Start of Data excerpts

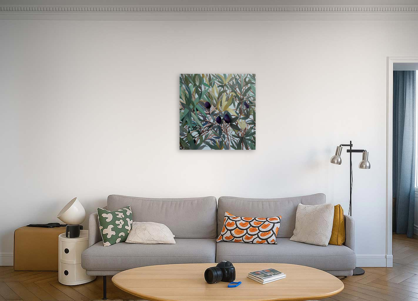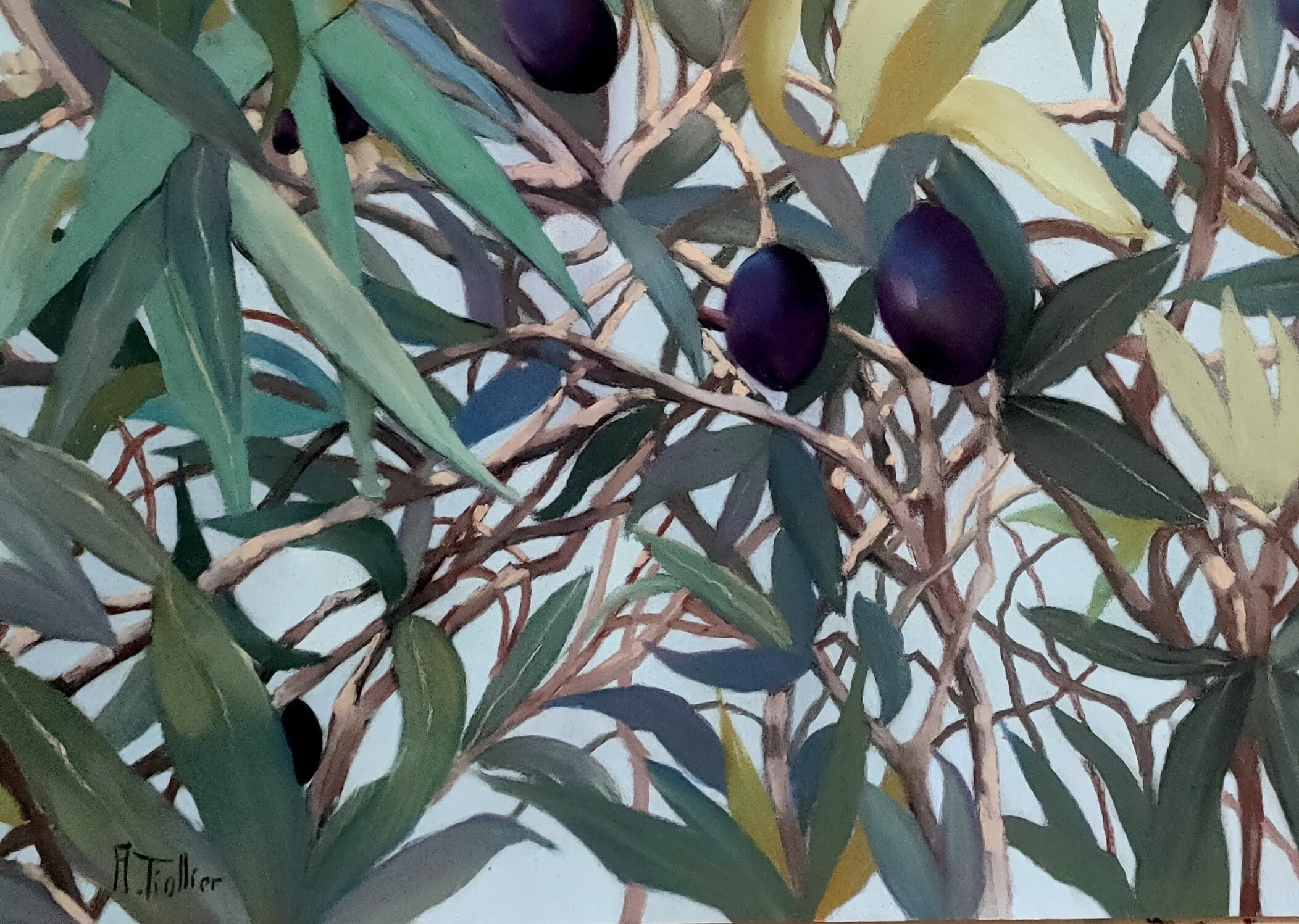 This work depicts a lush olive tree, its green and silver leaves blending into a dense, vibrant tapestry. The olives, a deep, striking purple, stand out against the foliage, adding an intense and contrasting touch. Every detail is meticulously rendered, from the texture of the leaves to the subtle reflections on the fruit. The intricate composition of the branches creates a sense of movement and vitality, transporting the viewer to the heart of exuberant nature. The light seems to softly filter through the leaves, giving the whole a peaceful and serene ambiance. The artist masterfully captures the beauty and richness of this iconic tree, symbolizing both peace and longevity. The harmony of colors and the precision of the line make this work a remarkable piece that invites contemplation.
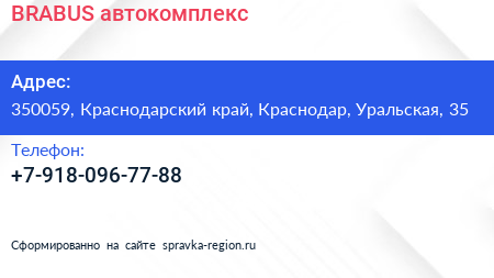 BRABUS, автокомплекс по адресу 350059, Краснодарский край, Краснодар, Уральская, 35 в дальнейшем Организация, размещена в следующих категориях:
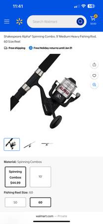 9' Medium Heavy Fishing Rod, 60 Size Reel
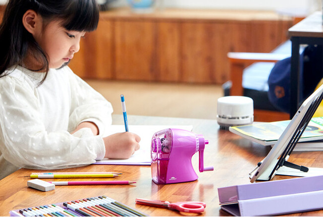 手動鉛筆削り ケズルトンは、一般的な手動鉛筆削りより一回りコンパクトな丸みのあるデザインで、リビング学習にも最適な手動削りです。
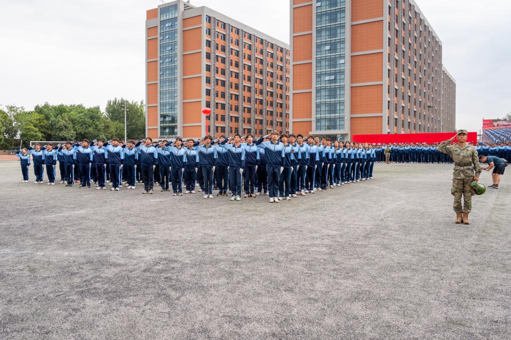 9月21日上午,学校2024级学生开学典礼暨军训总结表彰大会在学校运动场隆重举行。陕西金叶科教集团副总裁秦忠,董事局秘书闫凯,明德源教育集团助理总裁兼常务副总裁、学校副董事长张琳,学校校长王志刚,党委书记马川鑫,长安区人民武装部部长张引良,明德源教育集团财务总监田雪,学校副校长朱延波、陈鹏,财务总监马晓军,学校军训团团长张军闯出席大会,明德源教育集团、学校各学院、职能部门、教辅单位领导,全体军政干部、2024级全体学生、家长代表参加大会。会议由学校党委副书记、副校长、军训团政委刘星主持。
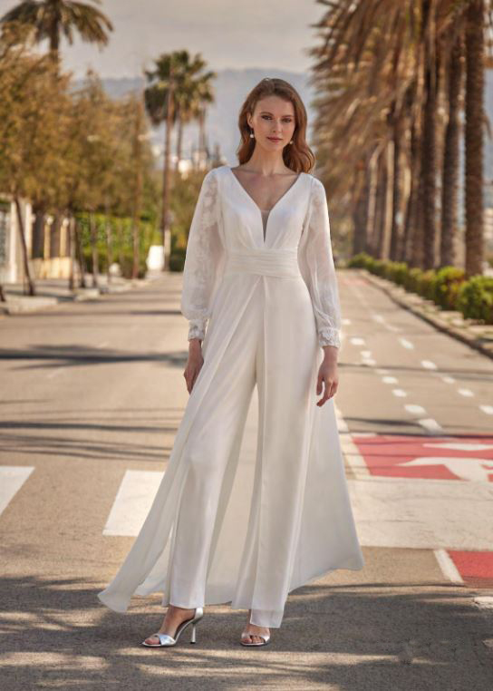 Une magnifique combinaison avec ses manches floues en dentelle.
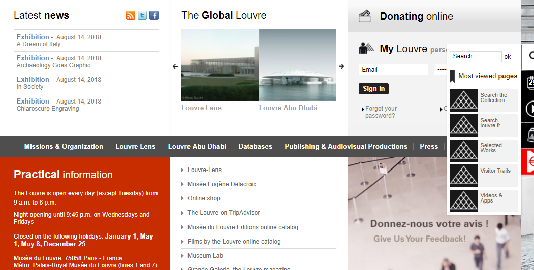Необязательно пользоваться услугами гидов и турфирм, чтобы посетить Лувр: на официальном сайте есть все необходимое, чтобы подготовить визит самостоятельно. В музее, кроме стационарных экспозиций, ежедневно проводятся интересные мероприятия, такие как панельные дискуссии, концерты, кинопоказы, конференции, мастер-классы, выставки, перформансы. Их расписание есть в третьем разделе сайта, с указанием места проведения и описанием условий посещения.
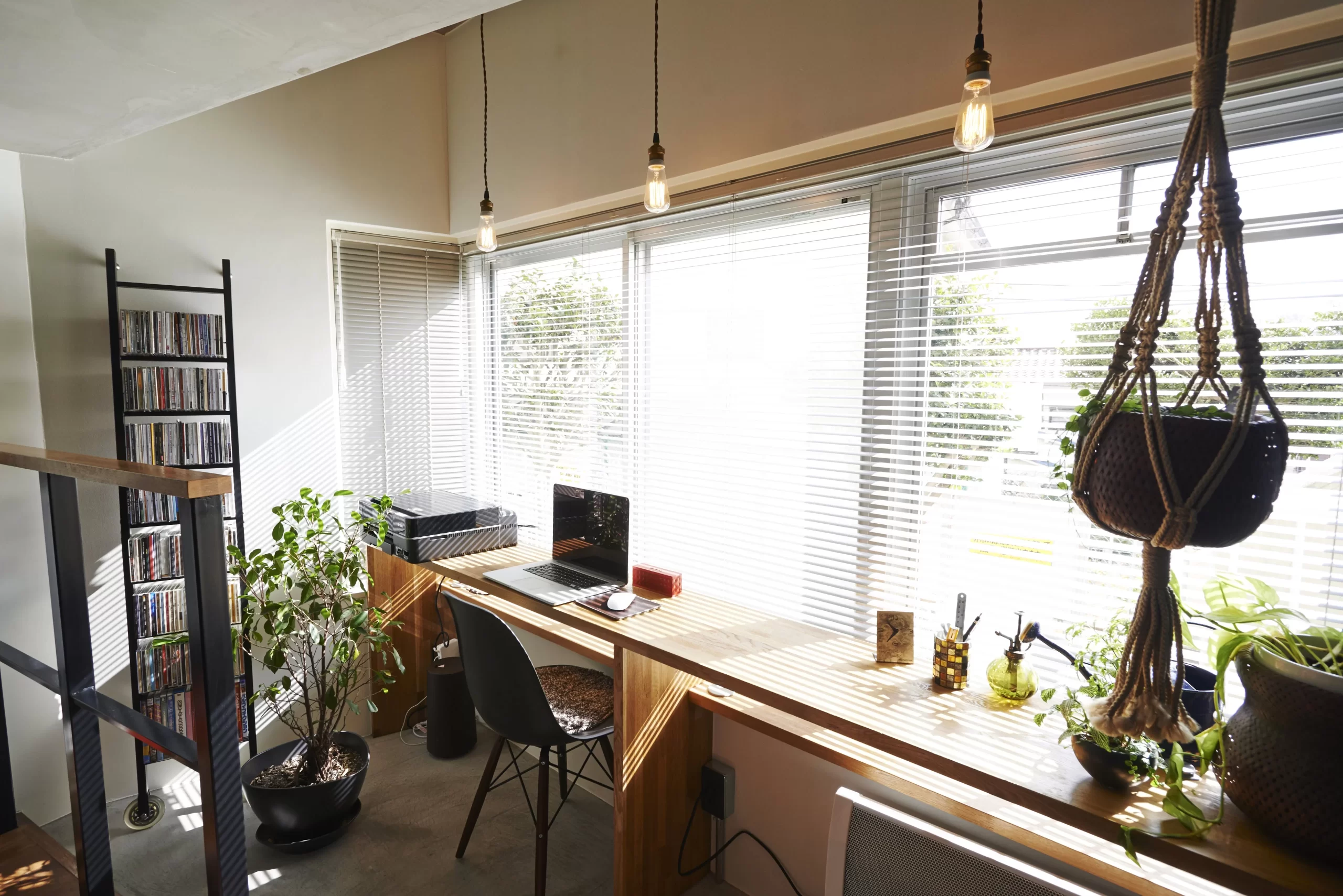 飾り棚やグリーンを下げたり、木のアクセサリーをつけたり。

End of Data excerpts
Start of Data excerpts

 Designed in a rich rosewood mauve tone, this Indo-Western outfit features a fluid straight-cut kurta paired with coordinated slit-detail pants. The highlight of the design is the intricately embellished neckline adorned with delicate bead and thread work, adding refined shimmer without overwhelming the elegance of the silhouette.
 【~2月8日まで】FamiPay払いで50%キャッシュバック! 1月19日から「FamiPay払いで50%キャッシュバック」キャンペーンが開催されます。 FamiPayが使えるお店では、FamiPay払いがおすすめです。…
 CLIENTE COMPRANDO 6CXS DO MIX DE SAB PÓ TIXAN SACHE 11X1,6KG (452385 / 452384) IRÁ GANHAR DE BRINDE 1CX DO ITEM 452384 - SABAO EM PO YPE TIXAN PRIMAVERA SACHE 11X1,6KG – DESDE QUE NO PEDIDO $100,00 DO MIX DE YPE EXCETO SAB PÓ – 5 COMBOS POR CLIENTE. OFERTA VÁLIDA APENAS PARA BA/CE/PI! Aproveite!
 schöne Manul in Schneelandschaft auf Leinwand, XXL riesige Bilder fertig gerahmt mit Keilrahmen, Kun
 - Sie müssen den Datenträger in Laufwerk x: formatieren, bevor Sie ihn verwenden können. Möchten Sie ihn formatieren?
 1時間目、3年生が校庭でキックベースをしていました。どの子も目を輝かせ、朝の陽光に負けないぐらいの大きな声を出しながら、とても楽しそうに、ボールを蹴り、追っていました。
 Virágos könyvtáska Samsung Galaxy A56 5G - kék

End of Data excerpts
Start of Data excerpts

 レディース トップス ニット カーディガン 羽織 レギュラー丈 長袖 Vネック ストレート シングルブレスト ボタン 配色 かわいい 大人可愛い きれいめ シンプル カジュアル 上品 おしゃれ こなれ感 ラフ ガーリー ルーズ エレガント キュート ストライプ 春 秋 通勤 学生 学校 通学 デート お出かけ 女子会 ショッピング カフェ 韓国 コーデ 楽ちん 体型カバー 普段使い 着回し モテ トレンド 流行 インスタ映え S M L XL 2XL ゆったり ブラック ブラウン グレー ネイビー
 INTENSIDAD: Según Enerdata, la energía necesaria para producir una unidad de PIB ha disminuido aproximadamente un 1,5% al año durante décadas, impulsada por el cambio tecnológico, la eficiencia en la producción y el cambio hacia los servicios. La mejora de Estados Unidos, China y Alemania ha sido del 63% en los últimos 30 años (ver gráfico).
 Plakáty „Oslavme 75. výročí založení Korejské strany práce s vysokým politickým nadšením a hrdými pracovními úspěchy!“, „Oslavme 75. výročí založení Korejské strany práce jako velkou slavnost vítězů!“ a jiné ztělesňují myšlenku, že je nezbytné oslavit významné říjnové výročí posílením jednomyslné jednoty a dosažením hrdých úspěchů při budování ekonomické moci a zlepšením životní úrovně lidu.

End of Data excerpts

» Action item
Above are the records; copy exactly the lines from the line with "- Sie müssen" through the line with "Virágos könyvtáska Samsung", both included.

» Final answer
 - Sie müssen den Datenträger in Laufwerk x: formatieren, bevor Sie ihn verwenden können. Möchten Sie ihn formatieren?
 1時間目、3年生が校庭でキックベースをしていました。どの子も目を輝かせ、朝の陽光に負けないぐらいの大きな声を出しながら、とても楽しそうに、ボールを蹴り、追っていました。
 Virágos könyvtáska Samsung Galaxy A56 5G - kék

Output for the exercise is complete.